→ What you are asked to do: The material below has pictures in it. Set down only the lines from the line containing "6、 鍋中倒入適量的油,油熱將醃制鍋的肉絲放入進去,炒至變色;" through the line containing "不过,据爱尔眼科2024年年", word for word, and leave the pictures behind.

→ Exercise material:
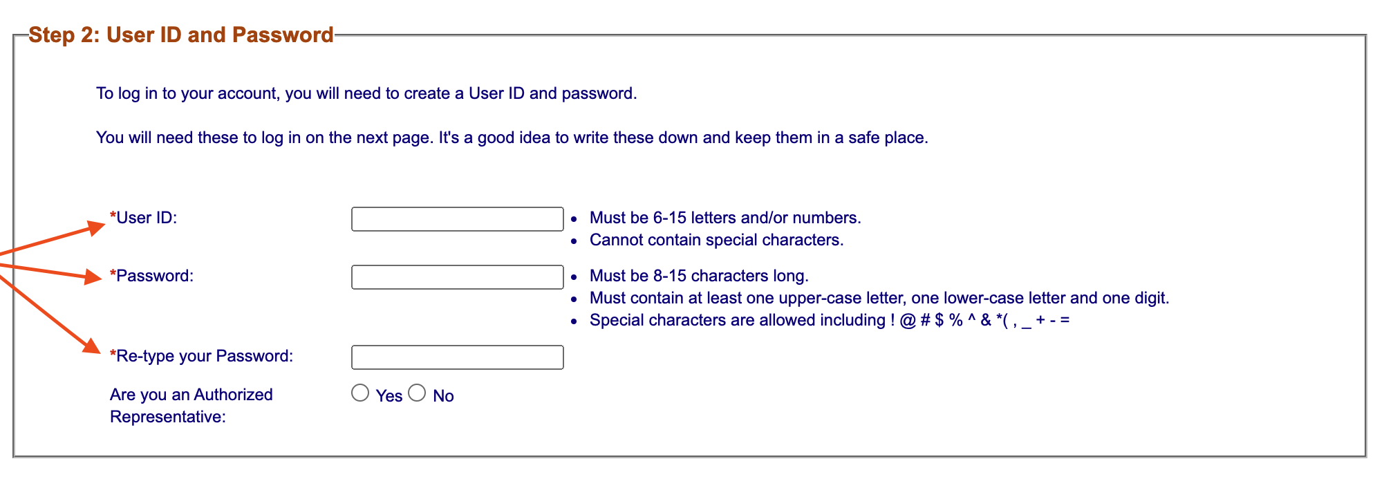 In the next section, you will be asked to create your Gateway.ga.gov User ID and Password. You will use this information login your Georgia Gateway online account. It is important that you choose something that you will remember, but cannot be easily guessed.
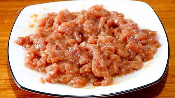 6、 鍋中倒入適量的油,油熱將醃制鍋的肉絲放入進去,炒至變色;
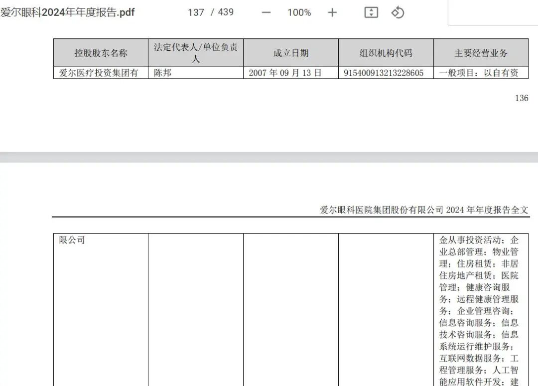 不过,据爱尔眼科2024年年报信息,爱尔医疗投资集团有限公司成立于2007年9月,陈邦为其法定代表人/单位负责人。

...

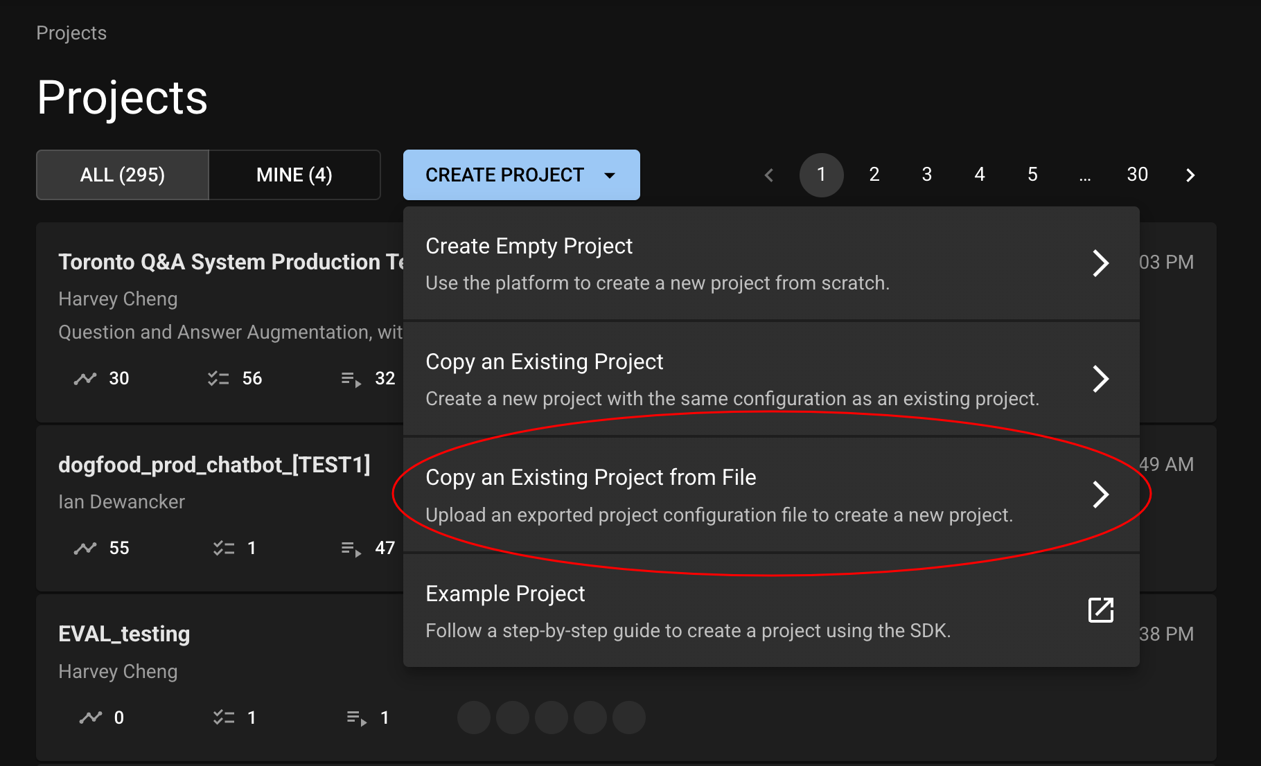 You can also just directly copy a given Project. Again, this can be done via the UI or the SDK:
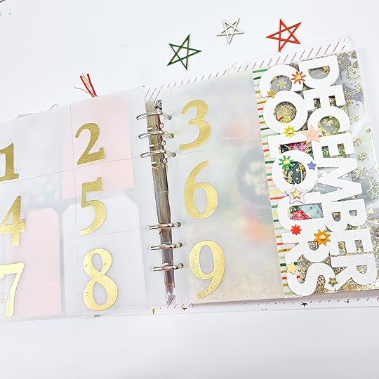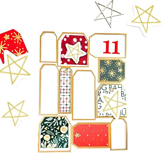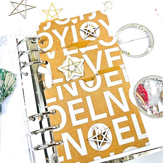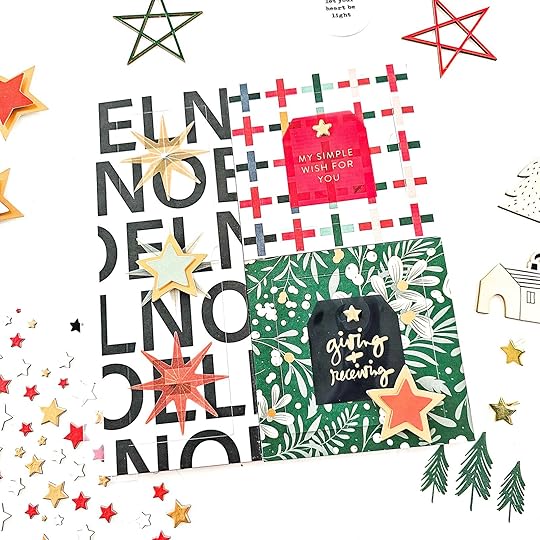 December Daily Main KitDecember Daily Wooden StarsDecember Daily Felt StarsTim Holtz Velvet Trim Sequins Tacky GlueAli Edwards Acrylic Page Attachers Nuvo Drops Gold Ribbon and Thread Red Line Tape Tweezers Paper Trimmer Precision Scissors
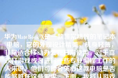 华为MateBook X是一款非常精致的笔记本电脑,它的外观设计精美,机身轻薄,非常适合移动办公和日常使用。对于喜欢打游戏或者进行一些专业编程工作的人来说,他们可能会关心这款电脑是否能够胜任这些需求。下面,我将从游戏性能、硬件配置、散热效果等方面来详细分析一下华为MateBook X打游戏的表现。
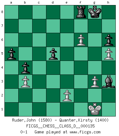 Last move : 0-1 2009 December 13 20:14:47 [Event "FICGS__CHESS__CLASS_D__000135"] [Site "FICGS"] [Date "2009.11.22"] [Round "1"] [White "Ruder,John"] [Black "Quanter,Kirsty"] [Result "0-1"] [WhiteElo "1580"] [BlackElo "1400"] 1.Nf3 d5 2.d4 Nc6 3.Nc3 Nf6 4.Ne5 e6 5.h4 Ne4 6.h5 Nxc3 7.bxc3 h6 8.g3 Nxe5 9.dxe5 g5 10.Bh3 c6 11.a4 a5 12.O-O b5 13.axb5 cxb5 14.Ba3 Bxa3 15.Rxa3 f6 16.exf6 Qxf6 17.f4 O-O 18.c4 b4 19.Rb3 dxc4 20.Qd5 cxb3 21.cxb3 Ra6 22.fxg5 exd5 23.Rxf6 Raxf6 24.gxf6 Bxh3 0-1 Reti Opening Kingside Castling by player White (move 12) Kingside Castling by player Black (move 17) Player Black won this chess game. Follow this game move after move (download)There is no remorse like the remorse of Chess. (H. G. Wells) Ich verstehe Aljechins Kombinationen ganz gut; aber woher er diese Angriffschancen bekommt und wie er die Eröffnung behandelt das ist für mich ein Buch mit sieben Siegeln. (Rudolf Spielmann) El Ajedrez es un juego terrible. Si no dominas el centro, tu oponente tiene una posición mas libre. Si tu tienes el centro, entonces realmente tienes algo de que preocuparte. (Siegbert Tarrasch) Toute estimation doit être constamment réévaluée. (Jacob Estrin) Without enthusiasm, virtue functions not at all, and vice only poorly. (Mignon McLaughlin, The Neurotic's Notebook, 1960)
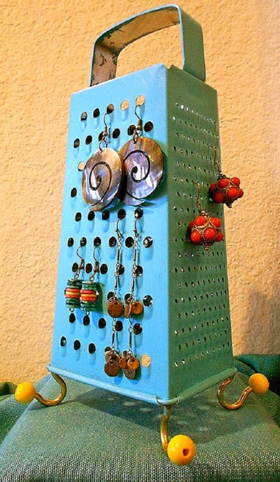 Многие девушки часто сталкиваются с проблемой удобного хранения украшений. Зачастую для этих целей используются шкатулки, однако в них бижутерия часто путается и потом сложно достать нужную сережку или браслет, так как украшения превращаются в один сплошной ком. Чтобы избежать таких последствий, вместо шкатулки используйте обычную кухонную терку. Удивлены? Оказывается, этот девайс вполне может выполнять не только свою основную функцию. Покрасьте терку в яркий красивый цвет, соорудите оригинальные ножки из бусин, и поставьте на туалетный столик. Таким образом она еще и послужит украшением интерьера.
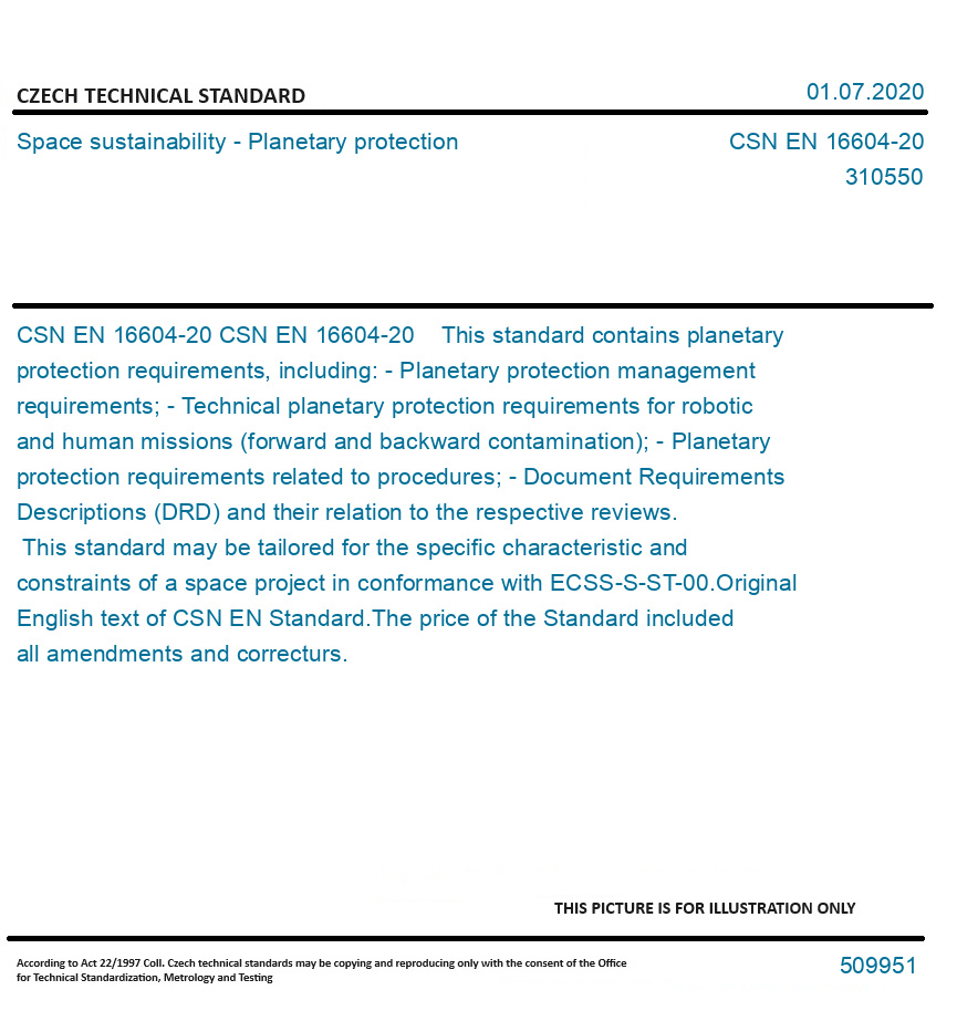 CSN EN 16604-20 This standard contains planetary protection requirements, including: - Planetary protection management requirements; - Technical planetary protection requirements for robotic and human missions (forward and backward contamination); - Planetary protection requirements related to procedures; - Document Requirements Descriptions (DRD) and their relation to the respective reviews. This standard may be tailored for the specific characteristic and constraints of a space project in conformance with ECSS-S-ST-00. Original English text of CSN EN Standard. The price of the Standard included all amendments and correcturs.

→ Written answer:
 6、 鍋中倒入適量的油,油熱將醃制鍋的肉絲放入進去,炒至變色;
 不过,据爱尔眼科2024年年报信息,爱尔医疗投资集团有限公司成立于2007年9月,陈邦为其法定代表人/单位负责人。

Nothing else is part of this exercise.